**What this task involves**
Copy exactly the lines of the material below that fall between the line with "4. If the fog" and the line with "На улице стояли", both of those lines included; pictures stay out.

*** Opening Given data ***

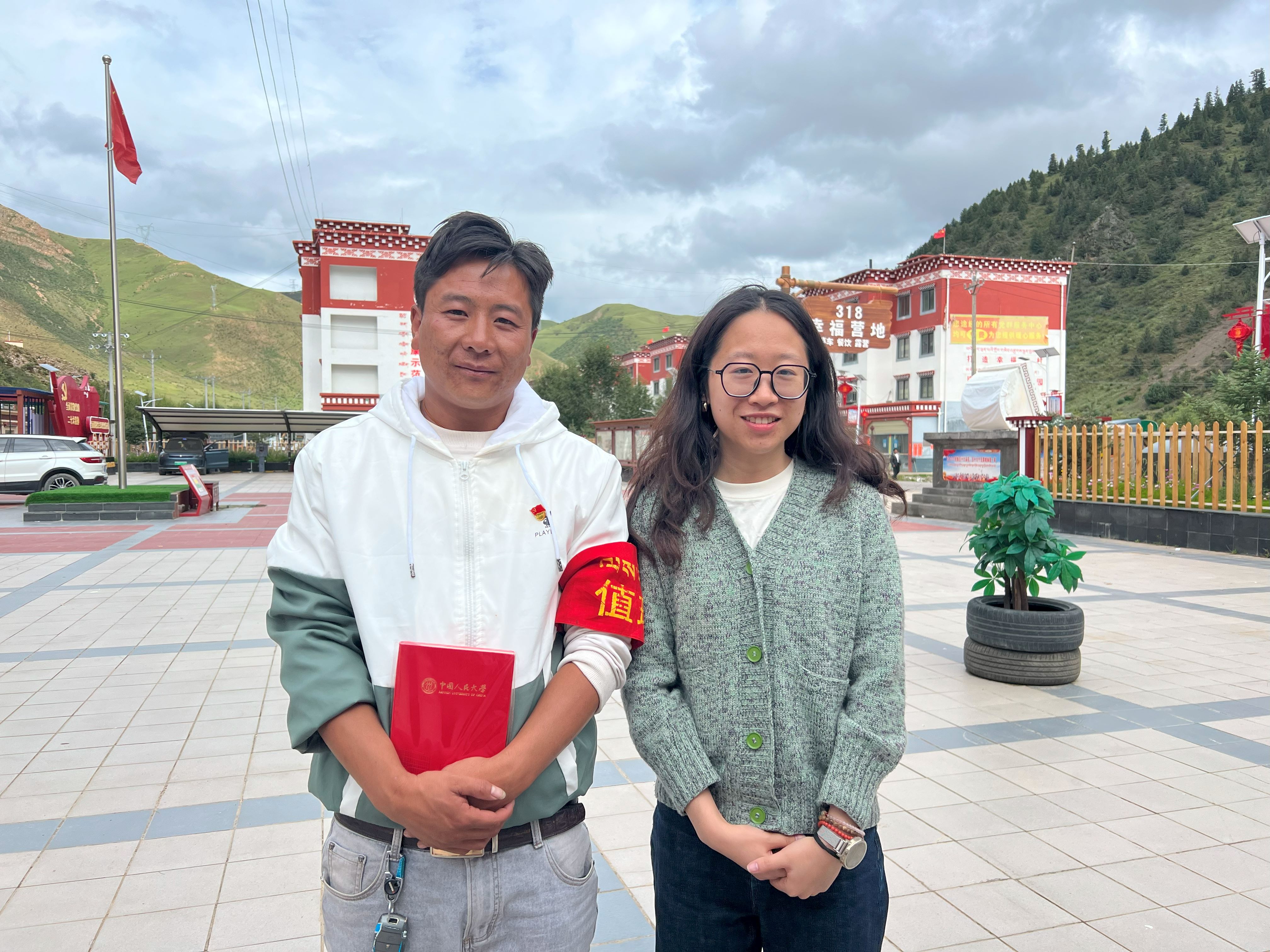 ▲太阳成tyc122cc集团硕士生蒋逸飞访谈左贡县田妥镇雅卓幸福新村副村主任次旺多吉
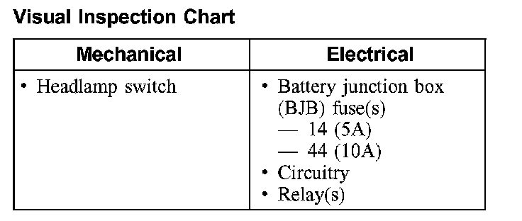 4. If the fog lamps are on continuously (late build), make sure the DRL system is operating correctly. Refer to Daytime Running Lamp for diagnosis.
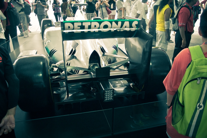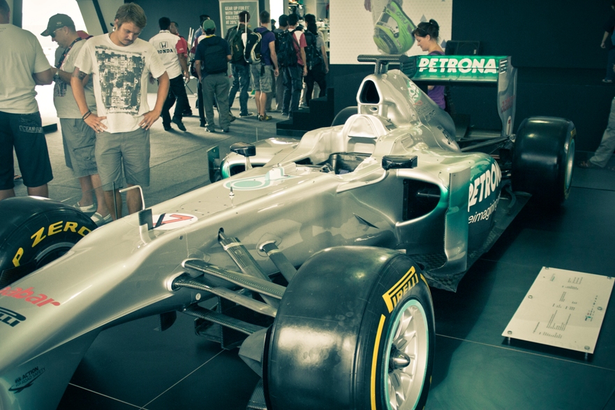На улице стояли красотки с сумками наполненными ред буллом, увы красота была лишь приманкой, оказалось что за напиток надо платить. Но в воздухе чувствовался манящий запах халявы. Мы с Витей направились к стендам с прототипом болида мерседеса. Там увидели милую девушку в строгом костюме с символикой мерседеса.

*** Closing Given data ***
*** Opening Given data ***

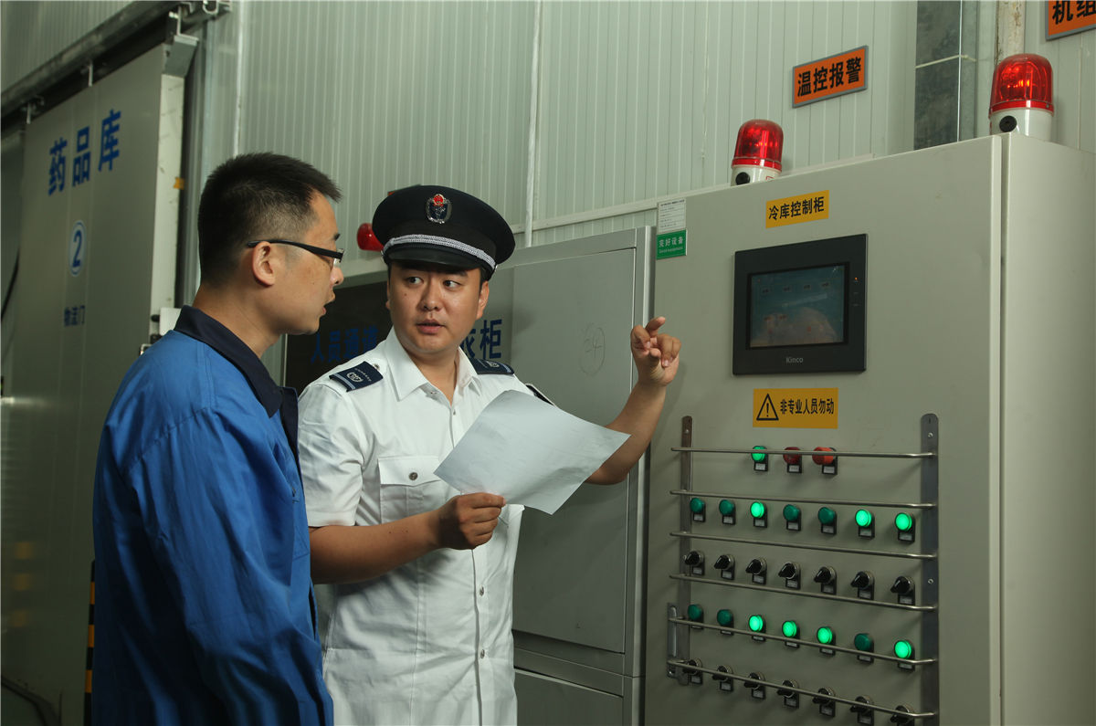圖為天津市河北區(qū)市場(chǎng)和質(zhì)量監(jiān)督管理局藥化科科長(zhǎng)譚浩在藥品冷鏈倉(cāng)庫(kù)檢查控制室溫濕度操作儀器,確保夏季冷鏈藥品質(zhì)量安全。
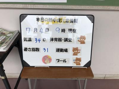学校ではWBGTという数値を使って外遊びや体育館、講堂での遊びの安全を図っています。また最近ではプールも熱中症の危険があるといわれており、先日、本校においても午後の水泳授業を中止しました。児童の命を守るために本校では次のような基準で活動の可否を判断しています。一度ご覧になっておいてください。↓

*** Closing Given data ***
*** Opening Given data ***

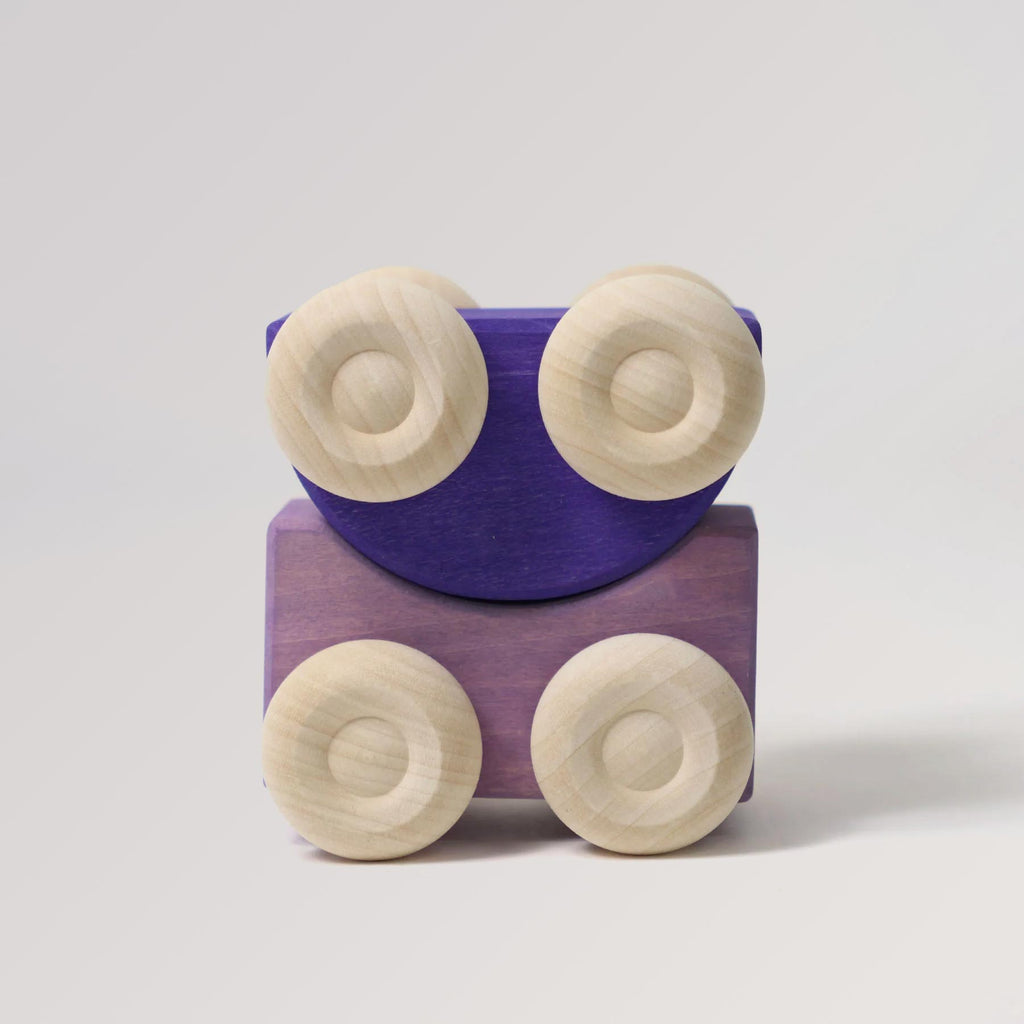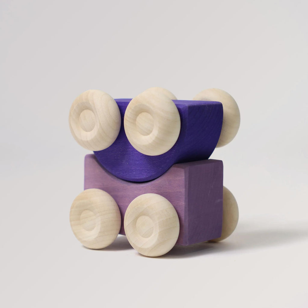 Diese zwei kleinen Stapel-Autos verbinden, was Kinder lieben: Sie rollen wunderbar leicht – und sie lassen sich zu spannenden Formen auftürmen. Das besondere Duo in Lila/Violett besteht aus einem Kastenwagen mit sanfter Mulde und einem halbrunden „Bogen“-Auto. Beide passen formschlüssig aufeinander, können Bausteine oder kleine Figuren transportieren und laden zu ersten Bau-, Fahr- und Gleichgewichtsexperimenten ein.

*** Closing Given data ***

**Result for this task**
 4. If the fog lamps are on continuously (late build), make sure the DRL system is operating correctly. Refer to Daytime Running Lamp for diagnosis.
На улице стояли красотки с сумками наполненными ред буллом, увы красота была лишь приманкой, оказалось что за напиток надо платить. Но в воздухе чувствовался манящий запах халявы. Мы с Витей направились к стендам с прототипом болида мерседеса. Там увидели милую девушку в строгом костюме с символикой мерседеса.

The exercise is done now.